Cada edição do Big Brother Brasil é uma fábrica de memes nova. Pack de figurinhas para o WhatsApp, áudios para dublagem no TikTok e muitas montagens com as expressões dos participantes no Twitter: de janeiro a abril, conteúdo do programa é o que não falta para os usuários se divertirem nas redes sociais.

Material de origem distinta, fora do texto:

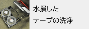 東日本大震災にて罹災したminiDVテープのクリーニング作業の様子です。真水を被った状態とは異なり、泥なども含まれています。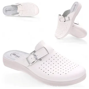 Klapki męskie medyczne sanitarne białe skórzana wkładka Inblu RH-33-43

Mas não são só os usuários que aproveitam os assuntos do momento para engajar no assunto. Antenadas, as marcas já sabem que usar um meme pode render muita visibilidade na internet, mesmo que por pouco tempo, e grudar na mente do consumidor. O McDonald’s, por exemplo, aproveitou que a internet estava associando a aparência do participante Eliezer com uma máscara de brinquedo e criou o post do pão com gergELI. Outro brother que virou meme foi Lucas, cujo sorriso, segundo o público, lembra a expressão do meme “Hide the pain Harold”, que surgiu de uma foto tirada de um banco de imagens de um modelo que, mesmo sorrindo, parece ter os olhos tristes.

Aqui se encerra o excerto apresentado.